Since there are places where his income and marital status will affect your credits, and vice versa, you cannot compare the results of doing your return stand-alone with a computer program that is working on both returns at once. If you did yours manually assuming you were unmarried it was incorrect. 

To find the differences you may have to do both yours and his manually, but feeding in the correct information.


----------



## ghostryder (Apr 5, 2009)

P$nnyPincher said:


> This may be too broad based a question but any obvious answers I haven't considered would be great!!
> 
> I did my return earlier this week and calculated refund was $2300. Last night I did my husbands (we do a joint one through Ufile) and my refund dropped to $70 and his was only $1300.
> 
> ...



If you put your numbers into Ufile (or any other software) and told it you were married, but didn't put your husband's income info in, the software would assume he has no income. It would then automatically give you things like the spousal credit and other credits that are affected by your spouse's income.


----------



## sprocket1200 (Aug 21, 2009)

you'd be better off not getting a refund. make sure you fix this for 2011!


----------



## P$nnyPincher (Feb 4, 2011)

I did them again last night and got the same result. I think it was purely as was suggested, that his income had not yet been entered so I was being given extra credits.

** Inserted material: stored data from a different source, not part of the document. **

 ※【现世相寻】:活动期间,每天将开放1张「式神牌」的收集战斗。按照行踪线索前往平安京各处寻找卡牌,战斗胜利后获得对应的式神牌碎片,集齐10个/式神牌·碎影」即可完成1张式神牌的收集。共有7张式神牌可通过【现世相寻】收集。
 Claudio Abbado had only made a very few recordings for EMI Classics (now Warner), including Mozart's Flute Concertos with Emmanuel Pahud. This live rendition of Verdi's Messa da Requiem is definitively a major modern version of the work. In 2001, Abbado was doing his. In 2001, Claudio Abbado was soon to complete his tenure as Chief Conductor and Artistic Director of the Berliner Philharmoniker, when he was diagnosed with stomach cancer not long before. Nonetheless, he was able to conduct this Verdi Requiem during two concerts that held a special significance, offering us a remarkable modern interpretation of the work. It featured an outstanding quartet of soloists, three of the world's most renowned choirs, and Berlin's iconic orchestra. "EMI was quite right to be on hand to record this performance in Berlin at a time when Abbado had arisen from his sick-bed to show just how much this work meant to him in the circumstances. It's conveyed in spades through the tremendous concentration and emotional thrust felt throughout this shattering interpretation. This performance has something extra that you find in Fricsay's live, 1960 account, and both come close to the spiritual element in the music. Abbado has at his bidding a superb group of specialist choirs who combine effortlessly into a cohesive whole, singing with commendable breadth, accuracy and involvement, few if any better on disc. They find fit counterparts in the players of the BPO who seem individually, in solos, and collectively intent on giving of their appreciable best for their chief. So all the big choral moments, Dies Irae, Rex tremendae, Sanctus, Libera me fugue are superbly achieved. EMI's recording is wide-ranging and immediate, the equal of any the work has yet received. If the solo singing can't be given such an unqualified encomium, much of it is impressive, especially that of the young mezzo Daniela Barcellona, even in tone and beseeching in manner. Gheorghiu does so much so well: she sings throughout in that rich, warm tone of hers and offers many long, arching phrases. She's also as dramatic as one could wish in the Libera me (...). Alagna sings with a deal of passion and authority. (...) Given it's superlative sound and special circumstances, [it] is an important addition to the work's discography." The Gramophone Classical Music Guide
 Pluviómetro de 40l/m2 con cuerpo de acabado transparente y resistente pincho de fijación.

Thanks all for the insight, I knew there had to be a valid excuse. No need for the divorce now then...


----------



## lakcaj (Jan 8, 2011)

*Married Tax Return*

Good Day,

My wife and I both make about $65k per year. I'm using an online tax program, and after entering my T4 details, I wanted to see the result. On my own, I would have received a return of approx $2000. However, after adding her T4 the return went down to about $150. So, out of curiosity, I deleted my T4 and left hers, and the return went back up to approx $1900. Am I wrong in thinking that if filed separately, we would each get the larger amount, and that we are basically being penalized some $4000 for filing together (2000+1900-150)? Do we get taxed as a single entity making $120k per year? Is there any way out of this??? 

I've tried googling "marriage penalty" and anything else I could think of, but I can't find any explanation. Thanks for your help.


----------



## stardancer (Apr 26, 2009)

You must file individual tax returns; however if you are married/common law, you must reference each other on the returns. The reason your refund went down is that you lost the spousal credit. As long as the program thought she was zero income, you got the full spousal credit which in turn reduced the taxes owing. As soon as you put in her T4 information, it was high enough that you lost the spousal credit. The same thing happened vice versa.

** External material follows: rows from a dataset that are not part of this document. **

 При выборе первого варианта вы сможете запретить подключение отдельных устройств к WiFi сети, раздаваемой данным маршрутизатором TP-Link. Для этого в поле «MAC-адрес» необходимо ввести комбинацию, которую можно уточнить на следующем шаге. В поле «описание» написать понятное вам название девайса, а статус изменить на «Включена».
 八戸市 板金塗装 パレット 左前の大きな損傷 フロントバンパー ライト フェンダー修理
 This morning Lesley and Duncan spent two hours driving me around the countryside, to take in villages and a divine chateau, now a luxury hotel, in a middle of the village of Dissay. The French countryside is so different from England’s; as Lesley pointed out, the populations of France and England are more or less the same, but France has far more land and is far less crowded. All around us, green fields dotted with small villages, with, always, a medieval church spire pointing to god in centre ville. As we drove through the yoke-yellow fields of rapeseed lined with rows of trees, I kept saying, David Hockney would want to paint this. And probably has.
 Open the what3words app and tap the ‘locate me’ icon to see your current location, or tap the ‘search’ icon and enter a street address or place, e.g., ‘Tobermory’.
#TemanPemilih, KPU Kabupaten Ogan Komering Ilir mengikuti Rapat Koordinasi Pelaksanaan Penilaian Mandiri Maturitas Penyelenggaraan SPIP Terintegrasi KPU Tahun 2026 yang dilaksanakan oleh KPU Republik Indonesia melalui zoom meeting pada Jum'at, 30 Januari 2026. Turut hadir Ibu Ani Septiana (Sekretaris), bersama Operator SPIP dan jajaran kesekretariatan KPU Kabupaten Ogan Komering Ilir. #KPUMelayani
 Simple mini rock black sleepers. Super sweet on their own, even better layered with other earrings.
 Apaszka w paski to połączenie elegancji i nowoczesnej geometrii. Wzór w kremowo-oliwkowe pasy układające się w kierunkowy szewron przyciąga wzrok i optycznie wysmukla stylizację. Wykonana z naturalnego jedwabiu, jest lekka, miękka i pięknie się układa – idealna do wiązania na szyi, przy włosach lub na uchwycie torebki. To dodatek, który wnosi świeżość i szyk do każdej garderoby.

You are not being penalized for filing together; it just means that you are losing the spousal credit. In Canada, although you file individually, you must reference your marital status. And yes, credits are based on the married rate.

If you filed both without referencing each other, you might get the larger refund from CRA at first, but later on, when CRA does its reviews, you would be caught, penalized and charged interest on the refund to which you were not entitled.


----------



## OhGreatGuru (May 24, 2009)

In case Stardancer wasn't clear enough, no you are not being penalized. Rather you thought you were entitled to a large refund because you completed your return incorrectly. Presumably you reported that you were married, for which the program nominally assigned you a spousal credit of over $7k. But your spouse's taxable income has to be deducted from this, and you reported no income for her.

If you were to file as separate single people, you wouldn't be entitled to the spousal credit in the first place. This is the problem with computer returns - people don't see how they are calculated so they don't understand what goes into calculating their taxes.

There are actually some circumstances where, in my opinion, you are penalized for being married. But that's another hobby horse of mine, and I don't think is the source of your current confusion.


----------